# USB speakers ON but no sound...



## donny898 (Aug 10, 2005)

NO sound comes out my speakers.

Checked:
the USB lead, that work because the power comes on
Volume control is on max
The audio wire is in the right socket

So what is wrong? Only bought this two weeks ago.

Any help would be appreciated


----------



## Triple6 (Dec 26, 2002)

Have you installed the drivers? Is it listed as the default playback device, under the Audio tab, in Sounds & Audio Devices in the Control Panel?


----------



## donny898 (Aug 10, 2005)

Triple6 said:


> Have you installed the drivers? Is it listed as the default playback device, under the Audio tab, in Sounds & Audio Devices in the Control Panel?

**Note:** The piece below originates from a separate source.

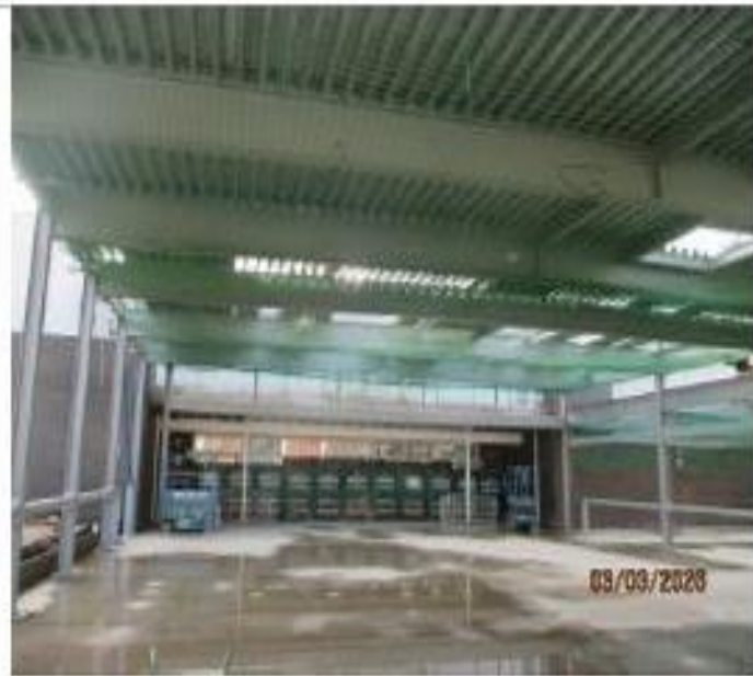
Dining Hall – Roof Safety Netting Installed.

What drivers? How do I list it as a default playback device?

Thanks


----------



## Triple6 (Dec 26, 2002)

Can you post the exact model of what you bought?

Select Audio Device:


----------



## donny898 (Aug 10, 2005)

Triple6 said:


> Can you post the exact model of what you bought?
> 
> Select Audio Device:


Nicole Flat Panel speakers powered by USB port.

Where do I go to change the "default device"?


----------



## Triple6 (Dec 26, 2002)

Oh, so they are analog speakers that get their power from a USB port.

Ok, lets forget about them for a little bit, if you plug in other speakers or headphones into the computer do thay work?


----------



## donny898 (Aug 10, 2005)

Triple6 said:


> Oh, so they are analog speakers that get their power from a USB port.
> 
> Ok, lets forget about them for a little bit, if you plug in other speakers or headphones into the computer do thay work?


I got headphones but they half work becuase i have to press down the earphones for them top work for some reason but i'll try another set of speakers tomorrow.

Thanks


----------



## Triple6 (Dec 26, 2002)

Half working is good enough, as long as you get output then we know the sound card is working, teh jack is workign, and you've got the right plug.


----------



## donny898 (Aug 10, 2005)

Triple6 said:


> Half working is good enough, as long as you get output then we know the sound card is working, teh jack is workign, and you've got the right plug.


Those USB speakers don't work, good enough to bin but they are new, doh


----------